**The input**.
== Segment start ==

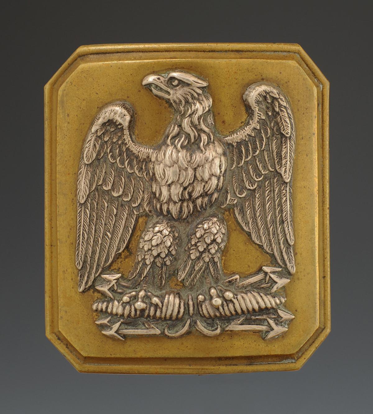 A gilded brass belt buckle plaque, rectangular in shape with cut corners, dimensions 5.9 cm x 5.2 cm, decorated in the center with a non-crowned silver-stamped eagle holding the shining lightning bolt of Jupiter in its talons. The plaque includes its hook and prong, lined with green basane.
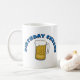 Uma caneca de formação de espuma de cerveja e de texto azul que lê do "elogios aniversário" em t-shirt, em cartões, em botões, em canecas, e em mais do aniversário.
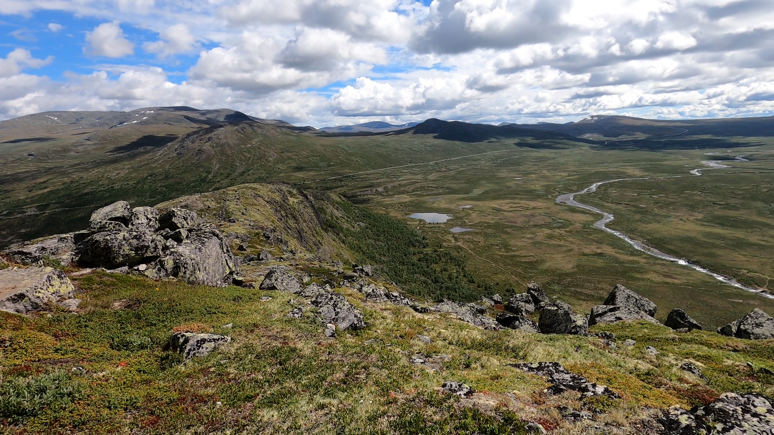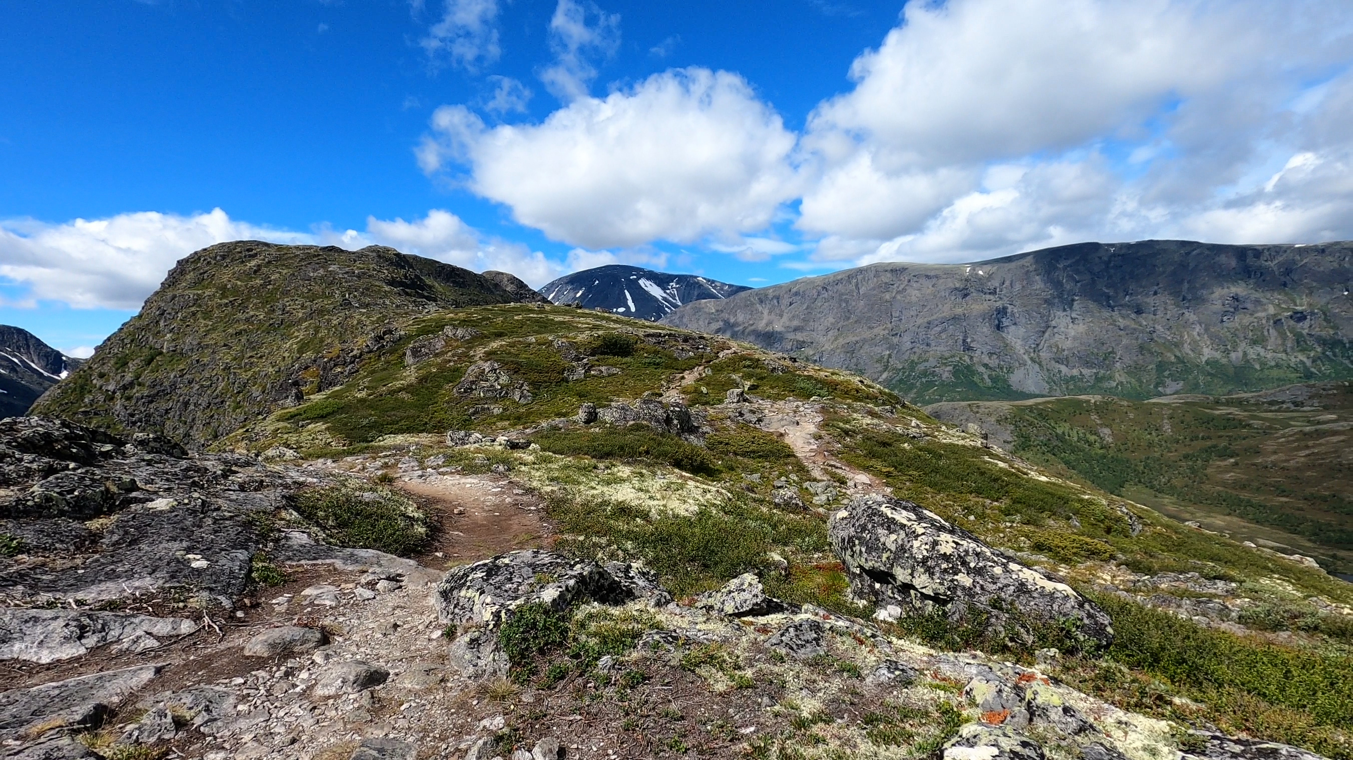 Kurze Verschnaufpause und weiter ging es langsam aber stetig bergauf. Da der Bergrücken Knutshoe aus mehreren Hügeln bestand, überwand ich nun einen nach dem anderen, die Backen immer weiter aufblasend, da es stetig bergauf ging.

== Segment end ==
== Segment start ==

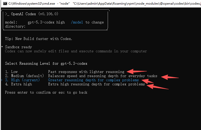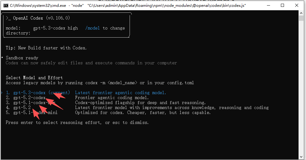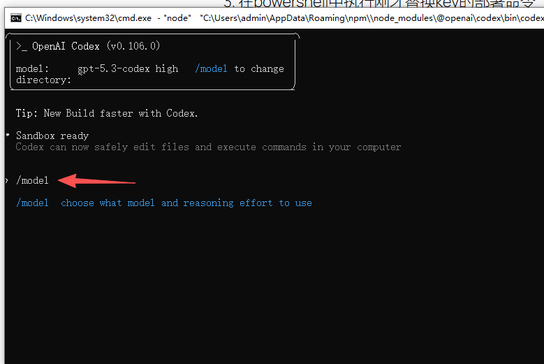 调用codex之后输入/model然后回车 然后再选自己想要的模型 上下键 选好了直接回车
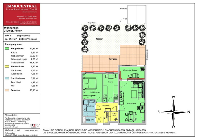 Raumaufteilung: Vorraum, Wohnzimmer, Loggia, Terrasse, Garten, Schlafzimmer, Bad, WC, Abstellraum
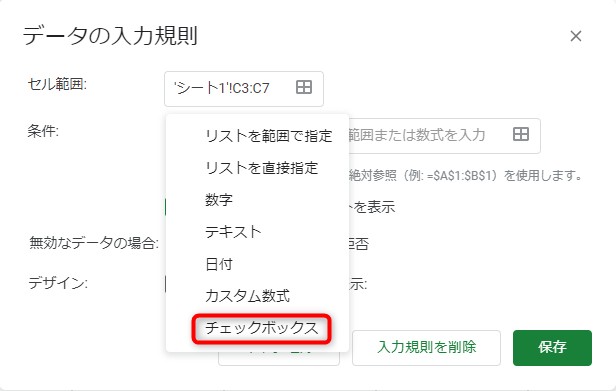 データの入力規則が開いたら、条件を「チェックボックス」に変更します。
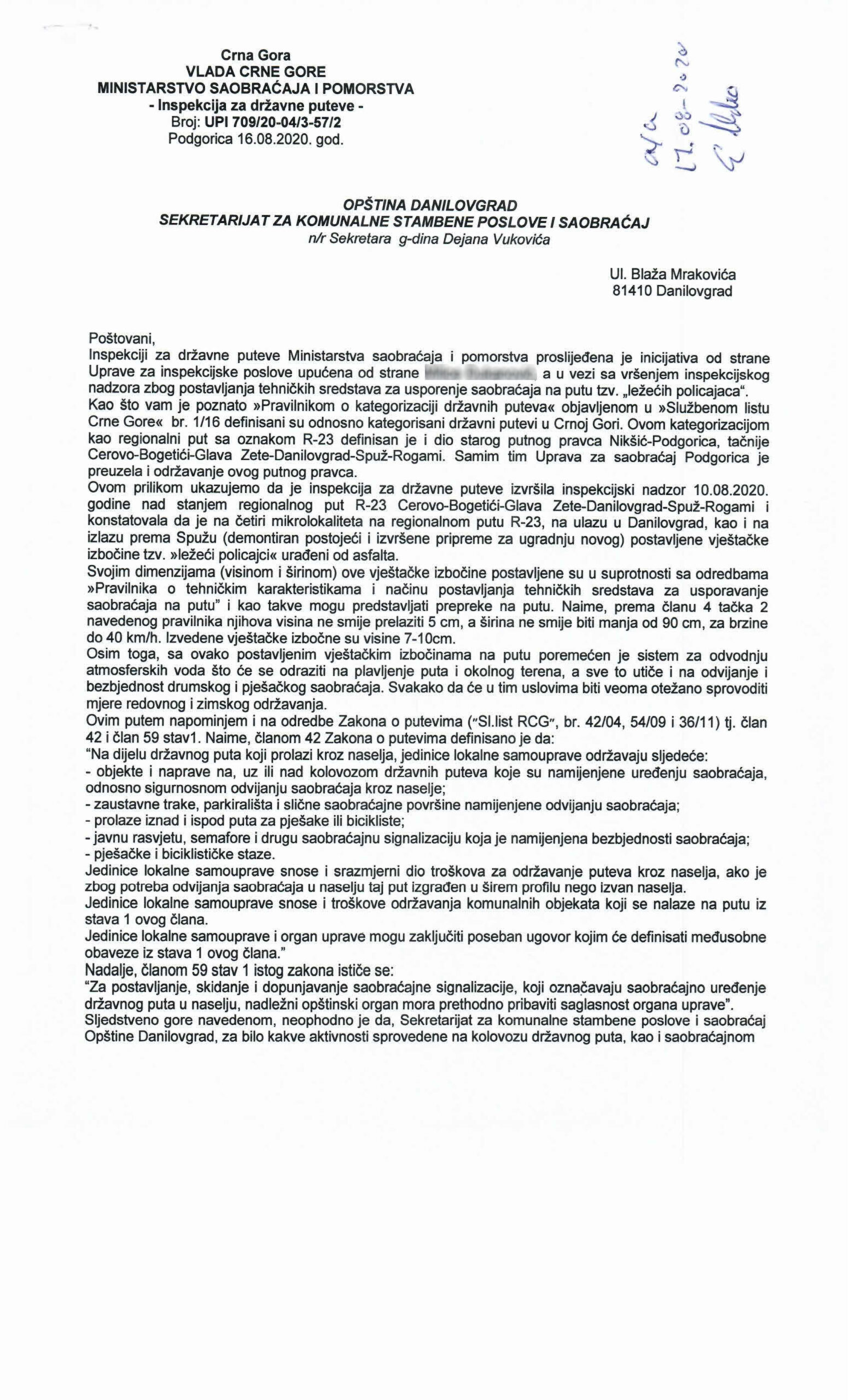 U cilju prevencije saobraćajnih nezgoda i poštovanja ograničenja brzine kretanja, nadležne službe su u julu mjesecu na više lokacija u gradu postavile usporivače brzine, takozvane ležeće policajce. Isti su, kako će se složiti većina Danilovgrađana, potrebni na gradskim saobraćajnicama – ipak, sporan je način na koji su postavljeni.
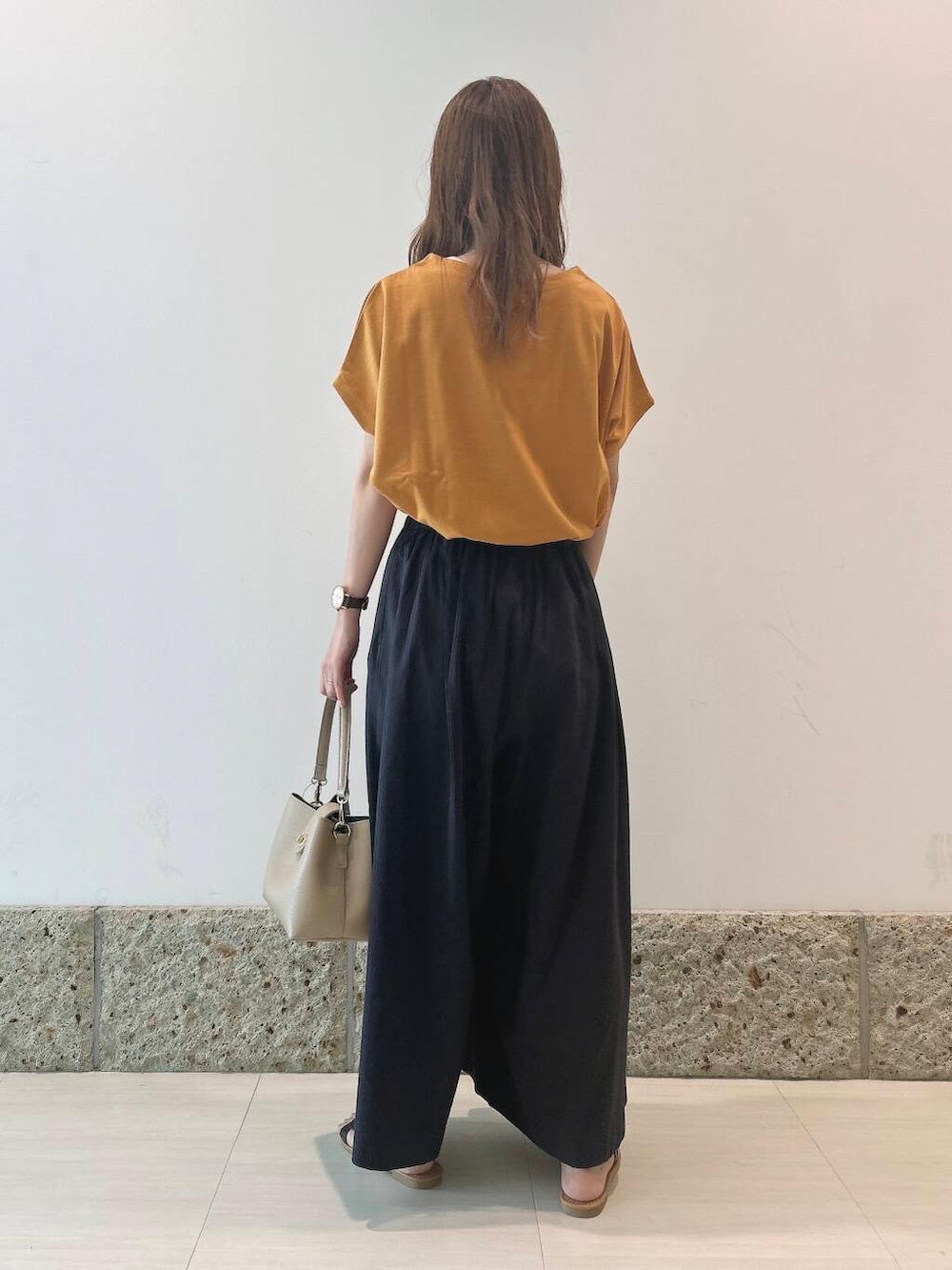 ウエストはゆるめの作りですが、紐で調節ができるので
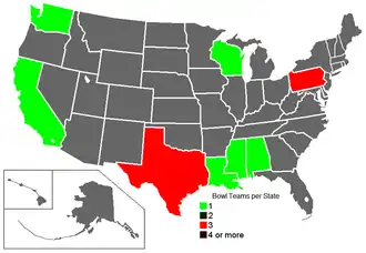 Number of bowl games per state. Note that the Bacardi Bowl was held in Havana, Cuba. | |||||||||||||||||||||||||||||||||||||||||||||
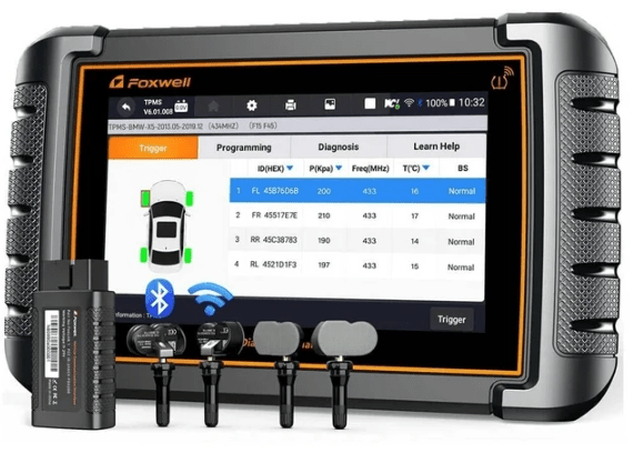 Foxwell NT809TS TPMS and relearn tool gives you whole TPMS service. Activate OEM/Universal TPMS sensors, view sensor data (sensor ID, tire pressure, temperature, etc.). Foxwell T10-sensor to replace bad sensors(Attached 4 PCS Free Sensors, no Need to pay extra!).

== Segment end ==

**Problem**.
Copy word for word the lines of the records above from the one with "Uma caneca de" up to and including the one with "Kurze Verschnaufpause und". Skip the pictures.

**Worked solution**.
 Uma caneca de formação de espuma de cerveja e de texto azul que lê do "elogios aniversário" em t-shirt, em cartões, em botões, em canecas, e em mais do aniversário.
 Kurze Verschnaufpause und weiter ging es langsam aber stetig bergauf. Da der Bergrücken Knutshoe aus mehreren Hügeln bestand, überwand ich nun einen nach dem anderen, die Backen immer weiter aufblasend, da es stetig bergauf ging.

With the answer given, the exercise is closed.